A participação de Moçambique na IV Conferência Internacional das Nações Unidas sobre o Financiamento para o Desenvolvimento, de 30 de Junho a 3 de Julho em Sevilha, no Reino da Espanha, foi, certamente, o acontecimento mais marcante na semana prestes a terminar, tendo em conta os resultados esperados em termos de novos investimentos.
Trata-se de um encontro descrito como sendo a última tentativa dos líderes mundiais para resgatar a Agenda 2030 das Nações Unidas, que preconiza, em última instância, o bem-estar das pessoas e a defesa do Planeta Terra, num contexto em que a maioria da população continua a viver em condições extremamente precárias, muitas vezes sem acesso a alimentos.
A conferência, que juntou à mesa chefes de Estado e de Governo, representantes de instituições financeiras, académicos e sociedade civil, aconteceu numa altura em que a implementação dos Objectivos de Desenvolvimento Sustentável regista uma estagnação provocada devido à falta de financiamento motivada por vários factores, um dos quais, talvez o principal, é a sistemática redefinição de prioridades de alocação de fundos para atender a emergências pontuais provocadas por calamidades naturais, guerras geopolíticas ou pandemias, como aconteceu há uns anos aquando da eclosão da Covid-19.
Neste contexto, entendemos que a realização da conferência foi uma oportunidade ímpar para a delegação moçambicana, chefiada pelo Presidente da República, fazer passar a sua mensagem sobre a necessidade de construção de um mecanismo de cooperação internacional onde prevaleça justiça e igualdade de oportunidades de acesso ao financiamento não só pelos Estados como também pelo sector privado.
Nesta perspectiva, pode-se dizer também que Moçambique foi à Conferência de Sevilha não para lamentar, mas para dar o seu ponto de vista quanto aos caminhos que o mundo deve trilhar para acabar com a pobreza no mundo.

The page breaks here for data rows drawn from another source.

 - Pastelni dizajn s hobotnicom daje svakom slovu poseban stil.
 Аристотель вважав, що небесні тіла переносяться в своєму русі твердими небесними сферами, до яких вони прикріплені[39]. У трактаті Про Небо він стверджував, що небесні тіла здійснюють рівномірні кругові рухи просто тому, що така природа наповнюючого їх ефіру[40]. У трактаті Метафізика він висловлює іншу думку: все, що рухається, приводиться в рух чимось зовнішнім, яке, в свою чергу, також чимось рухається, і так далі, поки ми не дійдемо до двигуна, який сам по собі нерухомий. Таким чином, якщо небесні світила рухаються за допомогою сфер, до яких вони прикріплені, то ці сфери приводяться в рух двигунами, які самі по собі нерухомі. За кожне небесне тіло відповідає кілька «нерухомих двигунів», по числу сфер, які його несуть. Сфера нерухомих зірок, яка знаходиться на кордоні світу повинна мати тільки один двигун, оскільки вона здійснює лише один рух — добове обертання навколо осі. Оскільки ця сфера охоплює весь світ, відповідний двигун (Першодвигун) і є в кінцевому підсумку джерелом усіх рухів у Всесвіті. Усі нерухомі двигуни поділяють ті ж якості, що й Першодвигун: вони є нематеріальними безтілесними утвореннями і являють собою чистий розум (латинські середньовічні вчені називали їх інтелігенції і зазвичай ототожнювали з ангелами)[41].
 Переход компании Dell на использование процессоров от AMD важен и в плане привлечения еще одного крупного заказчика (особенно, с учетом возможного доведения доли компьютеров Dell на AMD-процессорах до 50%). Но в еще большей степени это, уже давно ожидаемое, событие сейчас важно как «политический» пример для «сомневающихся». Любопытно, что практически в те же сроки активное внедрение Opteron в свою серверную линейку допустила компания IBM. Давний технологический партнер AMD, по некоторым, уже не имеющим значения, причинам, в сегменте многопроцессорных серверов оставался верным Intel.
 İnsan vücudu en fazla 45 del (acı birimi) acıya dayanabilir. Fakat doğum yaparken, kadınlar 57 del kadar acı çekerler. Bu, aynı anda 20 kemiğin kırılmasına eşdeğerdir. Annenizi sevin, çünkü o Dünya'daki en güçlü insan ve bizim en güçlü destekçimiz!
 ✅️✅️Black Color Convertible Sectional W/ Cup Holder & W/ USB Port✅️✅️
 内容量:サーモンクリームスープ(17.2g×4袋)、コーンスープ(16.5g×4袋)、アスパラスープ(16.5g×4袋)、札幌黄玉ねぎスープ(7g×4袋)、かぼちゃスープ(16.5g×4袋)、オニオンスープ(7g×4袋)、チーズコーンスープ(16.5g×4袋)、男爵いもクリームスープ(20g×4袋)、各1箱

Se por um lado o objectivo da delegação moçambicana era reforçar o seu cometimento com o Compromisso de Sevilha, negociado durante dois anos e adoptado esta semana pelos Estados-membros e que preconiza, acima de tudo, o combate à pobreza, por outro tinha em vista aproveitar os corredores da conferência para a diplomacia económica. E acreditamos que estas intenções foram concretizadas.

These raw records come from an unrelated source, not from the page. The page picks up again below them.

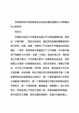在局领导班子成员集体政治谈话会暨巡视整改工作部署会议上的讲话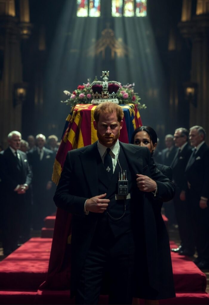 In the solemn shadow of Westminster Abbey, as the world mourned the passing of Queen Elizabeth II — Britain’s longest-reigning monarch and the only grandmother Prince Harry had ever known — one man allegedly turned a moment of profound national and personal grief into something far darker. New disturbing footage and persistent allegations claim that Prince Harry attended his grandmother’s funeral wired with a concealed microphone, covertly recording private conversations with his own family members during one of the most sacred and vulnerable gatherings in modern royal history.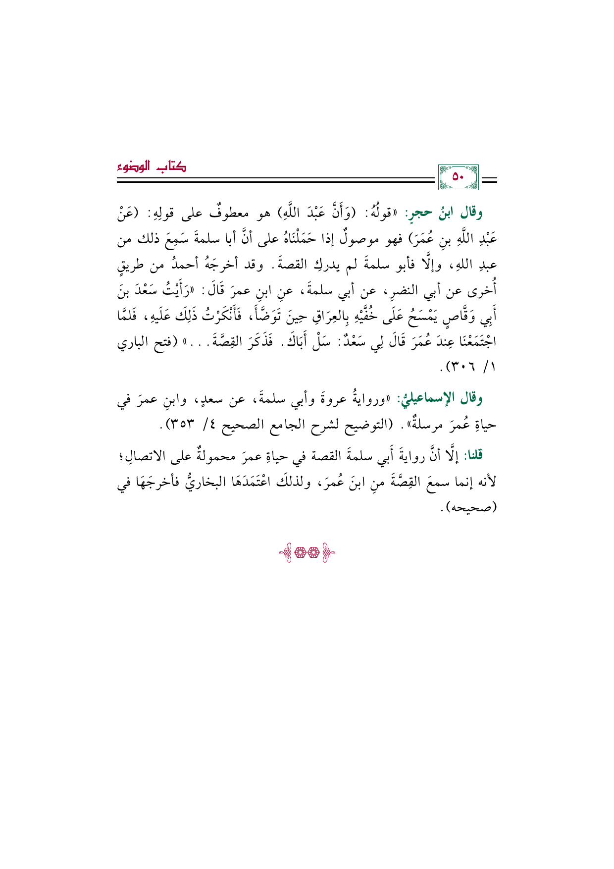 وقال ابنُ حجرٍ: ((قولُهُ: (وَأَنَّ عَبْدَ اللَّهِ) هو معطوفٌ على قولِهِ: (عَنْ عَبْدِ اللَّهِ بنِ عُمَرَ) فهو موصولٌ إذا حَمَلْنَاهُ على أنَّ أبا سلمةَ سَمِعَ ذلك من عبدِ اللهِ، وإلَّا فأبو سلمةَ لم يدركِ القصةَ. وقد أخرجَهُ أحمدُ من طريقٍ أُخرى عن أبي النضرِ، عن أبي سلمةَ، عنِ ابنِ عمرَ قَالَ: "رَأَيْتُ سَعْدَ بنَ أَبِي وَقَّاصٍ يَمْسَحُ عَلَى خُفَّيْهِ بِالعِرَاقِ حِينَ تَوَضَّأَ، فَأَنْكَرْتُ ذَلِكَ عَلَيهِ، فَلمَّا اجْتَمَعْنَا عِندَ عُمَرَ قَالَ لِي سَعْدٌ: سَلْ أَبَاكَ. فَذَكَرَ القِصَّةَ ... )) (فتح الباري ١/ ٣٠٦).

Nesta perspectiva, o Chefe do Estado e a delegação que o acompanhou mantiveram vários encontros com líderes mundiais e instituições financeiras internacionais, mormente aquelas que tradicionalmente apoiam os programas de desenvolvimento em Moçambique.
Entre tais entidades destacam-se o Fundo Monetário Internacional, Banco Mundial, Banco Africano de Desenvolvimento (BAD) e Fundo Internacional para o Desenvolvimento Agrícola (FIDA), cujos gestores deram importantes sinais do seu interesse de manterem a parceria para o crescimento do nosso país.

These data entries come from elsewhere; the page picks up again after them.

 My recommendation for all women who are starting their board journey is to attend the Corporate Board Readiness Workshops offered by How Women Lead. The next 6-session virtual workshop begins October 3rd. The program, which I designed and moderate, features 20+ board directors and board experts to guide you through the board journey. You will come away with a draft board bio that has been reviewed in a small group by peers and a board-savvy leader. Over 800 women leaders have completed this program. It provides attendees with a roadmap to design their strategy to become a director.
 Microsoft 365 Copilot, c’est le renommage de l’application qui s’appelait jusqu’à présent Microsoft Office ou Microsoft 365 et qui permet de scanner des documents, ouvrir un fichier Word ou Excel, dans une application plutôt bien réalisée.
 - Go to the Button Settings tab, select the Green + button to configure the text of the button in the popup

Por estes e demais argumentos, podemos concluir que, em Sevilha, Moçambique conseguiu transmitir a sua opinião ao mundo em relação aos mecanismos de cooperação internacional para o desenvolvimento e reunir-se com os parceiros de desenvolvimento.
Todavia, quanto a nós, mais do que isso, o importante é dar continuidade aos contactos iniciados de modo a que as intenções anunciadas se traduzam, de facto, em projectos concretos em benefício de Moçambique e dos moçambicanos.